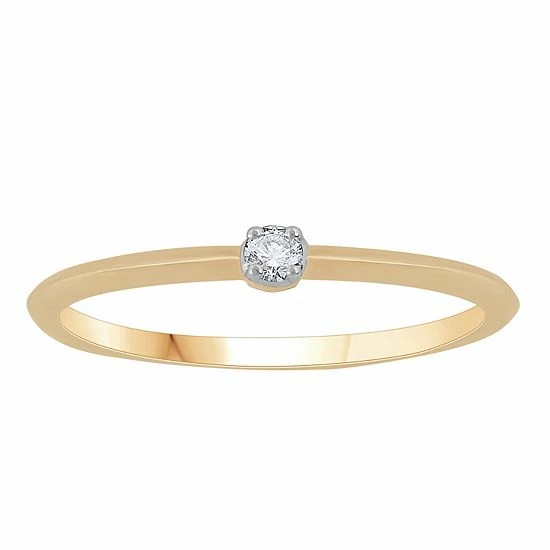Crafted from 10k gold, and featuring a round-cut diamond center stone, this stylish ring is perfect for wearing alone or stacking.
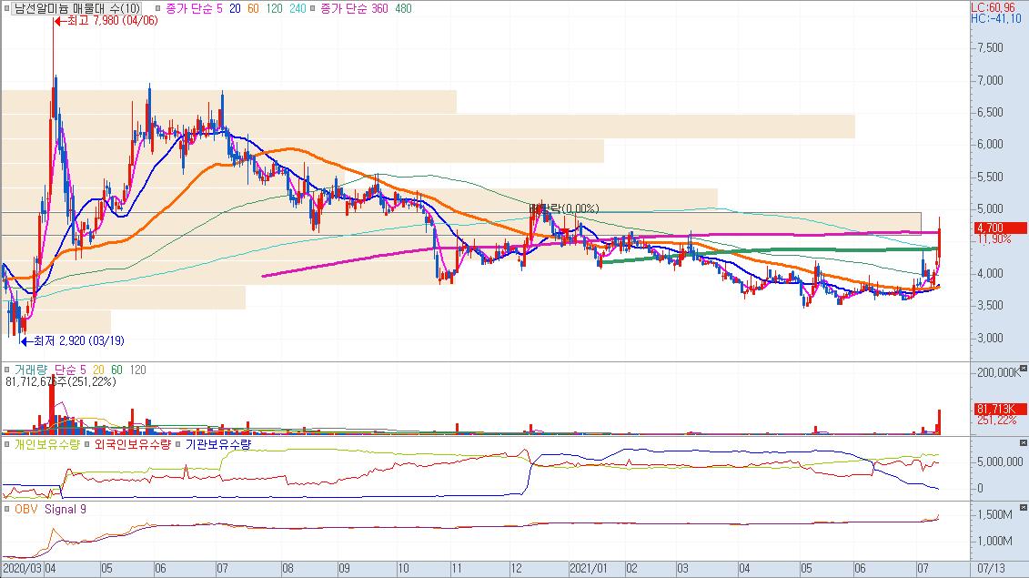 남선알미늄의 주봉차트다. 주가가 조정받는 구간에서 급등이 나오고 있다. 일봉차트로 보자.
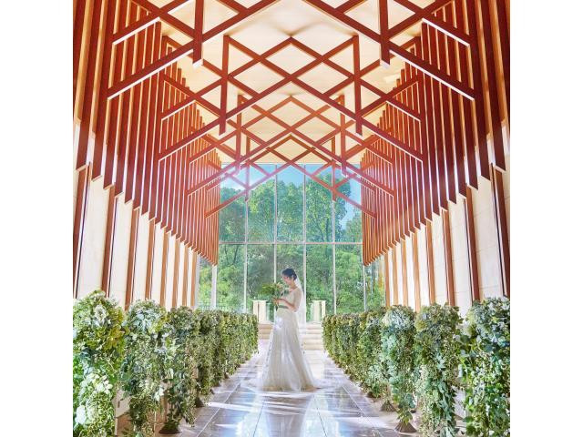 【緑溢れる森の広大なロケーション】緑と光に囲まれた笑顔溢れる感動ウェディング!フルート・サックス・聖歌隊の生演奏とゲスト全員に見守られるチャペルが感動的なセレモニーを演出※最大着席数130名
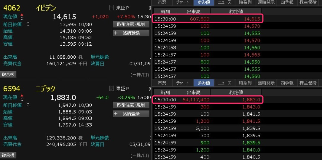 ちょっと想像と違った。もっと出来高あるかなと思ったんですけどね。イビデンのほうね・・・ニデックは半端ないわ。最後に5000万株ってね。すごいわ。
-- -- --
▶ _WHAT IS EXPECTED_: Copy exactly the lines that run from the line containing "남선알미늄의 주봉차트다. 주가가" to the end of the data above, keeping both end lines and leaving out all pictures.

▶ _OUTPUT OF THE EXERCISE_:
 남선알미늄의 주봉차트다. 주가가 조정받는 구간에서 급등이 나오고 있다. 일봉차트로 보자.
 【緑溢れる森の広大なロケーション】緑と光に囲まれた笑顔溢れる感動ウェディング!フルート・サックス・聖歌隊の生演奏とゲスト全員に見守られるチャペルが感動的なセレモニーを演出※最大着席数130名
 ちょっと想像と違った。もっと出来高あるかなと思ったんですけどね。イビデンのほうね・・・ニデックは半端ないわ。最後に5000万株ってね。すごいわ。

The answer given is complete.